E-pharmacophore hypothesis generation
The e-pharmacophore basically involved the structural and energetic data to find out the contact scoring using the scoring option of Glide XP [29]. It is a combined approach of structure and ligand-based 3D-QSAR technique. The e-pharmacophore hypothesis was generated using Maestro 9.3 [30-32].

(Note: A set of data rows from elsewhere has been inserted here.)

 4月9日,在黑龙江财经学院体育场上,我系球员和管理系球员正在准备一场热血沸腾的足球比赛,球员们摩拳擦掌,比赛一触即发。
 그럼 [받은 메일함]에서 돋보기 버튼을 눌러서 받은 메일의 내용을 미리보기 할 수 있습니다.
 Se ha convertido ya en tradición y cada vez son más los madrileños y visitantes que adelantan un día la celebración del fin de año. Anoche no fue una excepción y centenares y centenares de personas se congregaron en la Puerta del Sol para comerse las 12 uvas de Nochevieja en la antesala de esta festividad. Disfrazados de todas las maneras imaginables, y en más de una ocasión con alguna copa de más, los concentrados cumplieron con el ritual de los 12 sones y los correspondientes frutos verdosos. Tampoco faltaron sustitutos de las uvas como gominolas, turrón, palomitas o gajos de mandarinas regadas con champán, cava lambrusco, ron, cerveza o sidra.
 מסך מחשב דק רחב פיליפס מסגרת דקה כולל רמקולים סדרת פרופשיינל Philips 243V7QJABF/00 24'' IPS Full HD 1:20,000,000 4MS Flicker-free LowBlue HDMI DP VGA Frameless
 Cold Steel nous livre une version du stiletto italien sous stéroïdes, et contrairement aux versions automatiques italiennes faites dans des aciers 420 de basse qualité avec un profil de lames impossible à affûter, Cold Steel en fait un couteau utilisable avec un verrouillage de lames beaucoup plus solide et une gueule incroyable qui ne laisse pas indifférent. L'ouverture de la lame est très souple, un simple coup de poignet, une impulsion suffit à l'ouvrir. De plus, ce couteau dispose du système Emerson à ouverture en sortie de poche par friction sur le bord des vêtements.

Pharmacophore and atom based 3D QSAR modelling
For the development of 3D-QSAR, we have set the active and inactive edge of biological data at 7.15 and 6.50, respectively. For QSAR analysis, 24 compounds were taken as a data set and out of these, 17 and 7 compounds were allocated as training set and test set, respectively. These 24 molecules were clustered into active, moderately active and inactive based on their activity profile. The test compounds were selected as they really indicate the training set. The common pharmacophore hypotheses were developed using common pharmacophore identification methodology. The five featured pharmacophore hypotheses with a high value of survival score, the capability to express the complete binding space of molecules were selected and subjected to scoring function and top twelve common pharmacophore hypothesis (table 2) were selected for preparation of 3D QSAR model employing three PLS factors.

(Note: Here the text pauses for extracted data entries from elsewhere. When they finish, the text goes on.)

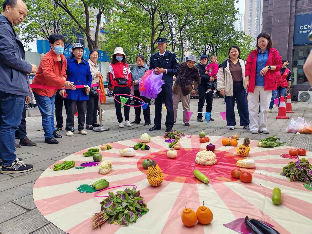 本次活动精心设计了三项趣味十足、互动性强的游戏环节,让不同年龄段的居民都能找到乐趣。最具人气的当属“福气套圈圈”游戏,工作人员早已将鲜嫩的黄瓜、饱满的西红柿、清脆的包菜等各色时令蔬菜整齐排列在场地中,居民们手持彩色套圈,瞄准目标轻轻一掷,套中即可将新鲜蔬菜带回家。大朋友、小朋友们排起长队,有的凝神屏息、精准发力,有的互相支招、分享技巧,每当有人成功套中心仪的蔬菜时,现场便响起阵阵欢呼,这份“接地气”的奖品让大家直呼“实用又有趣”。
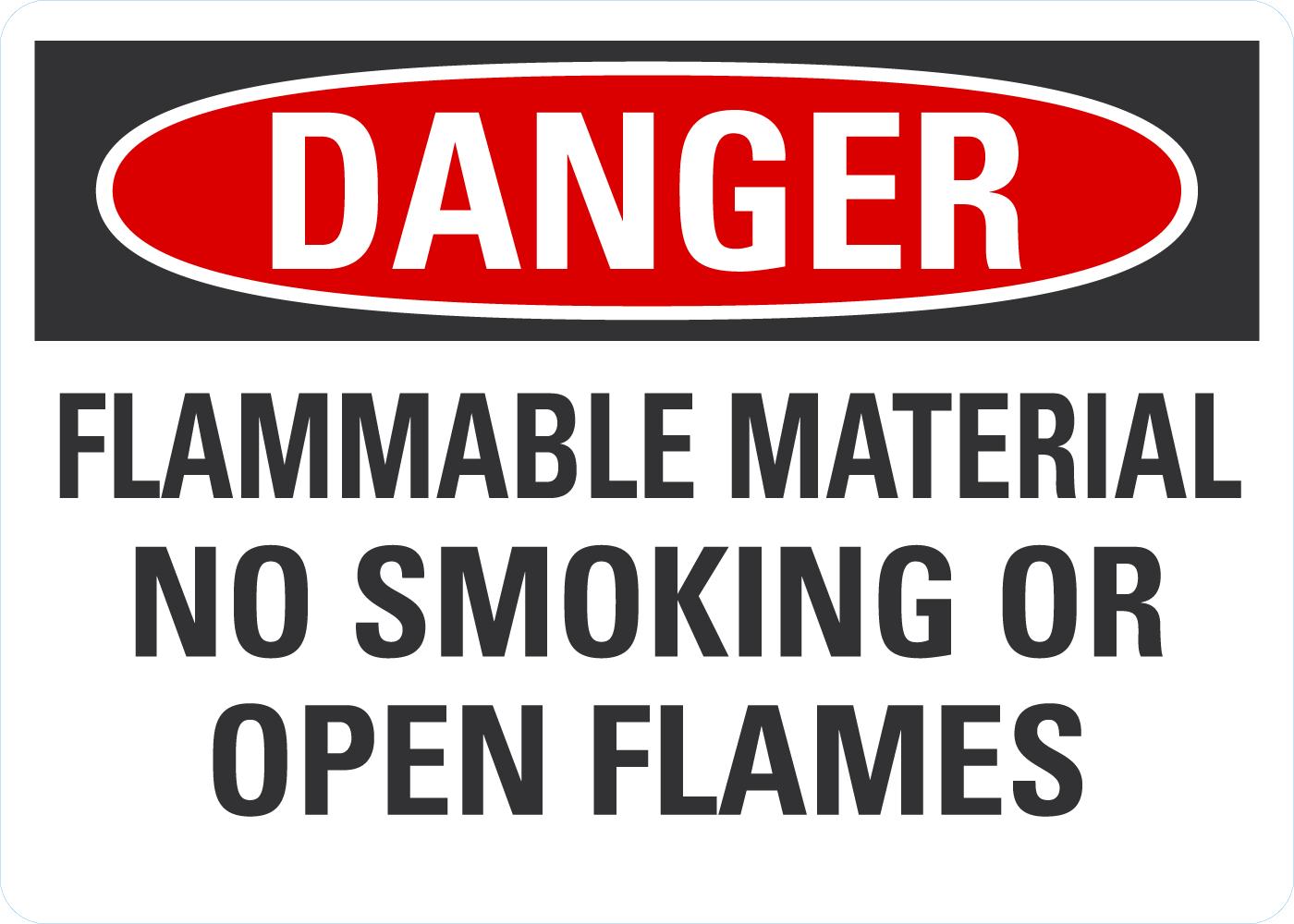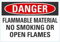 Danger OSHA Sign: Flammable Material - No Smoking Or Open Flames
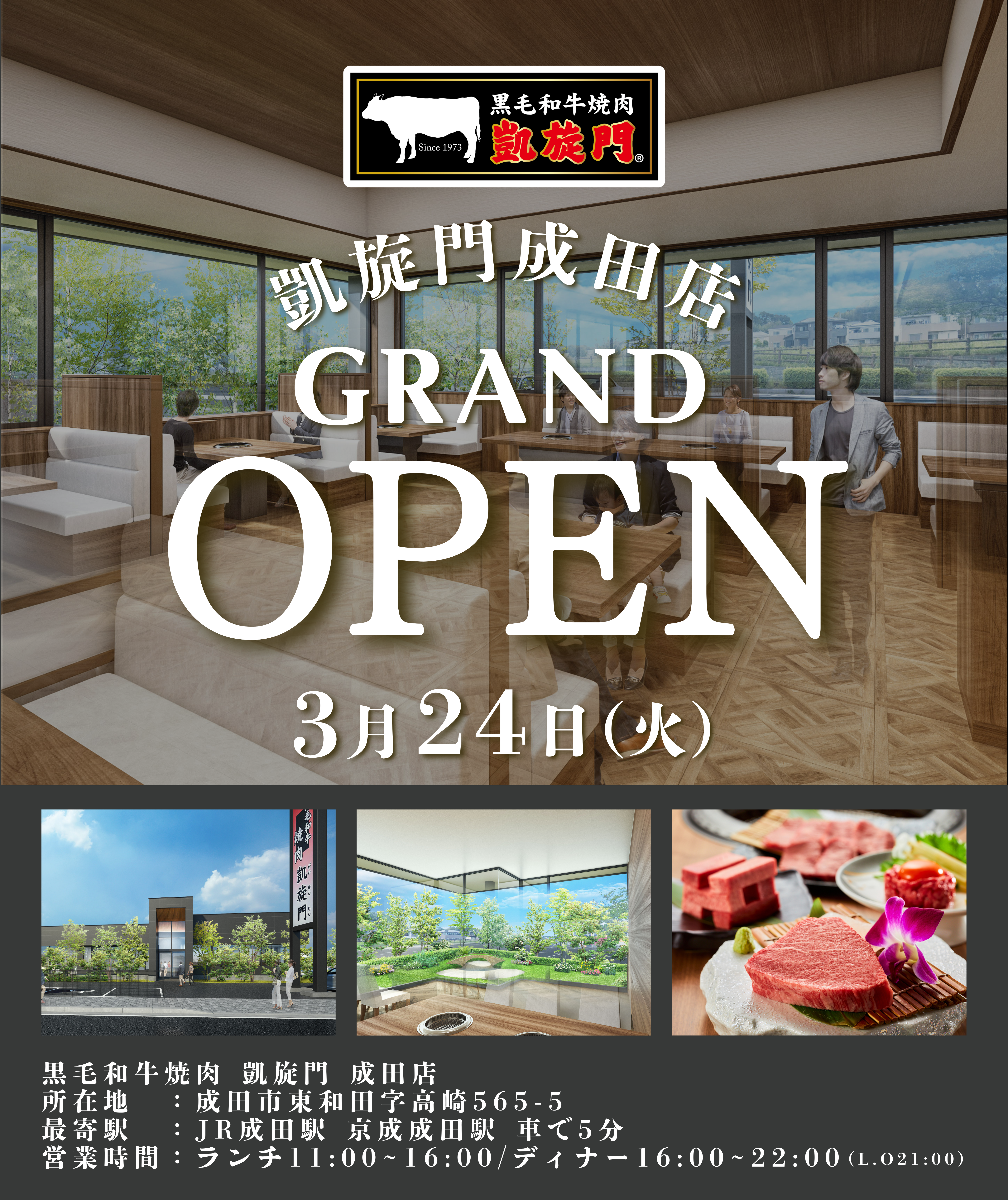 黒毛和牛焼肉 凱旋門 成田店:3月24(火)GRAND OPEN予定

The AADRR.356 common pharmacophore hypothesis was considered for 3D QSAR model development. The fitness, robustness and statistical validity of AADRR.356 QSAR models were analyzed and validated by standard deviation of the regression (SD) 0.1262, coefficient of determination (R2) 0.9588, F statistic (F) 100.7, statistical significance (P) 2.985e-009, stability value-0.2636, root-mean-square error (RMSE) 0.1857, prediction coefficient (Q2) 0.7261 and pearson-R-value 0.8552 (table 3). The fitness of AADRR.356 Common pharmacophore hypothesis was expressed in fig. 2 and table 4 along with observed and predicted activity.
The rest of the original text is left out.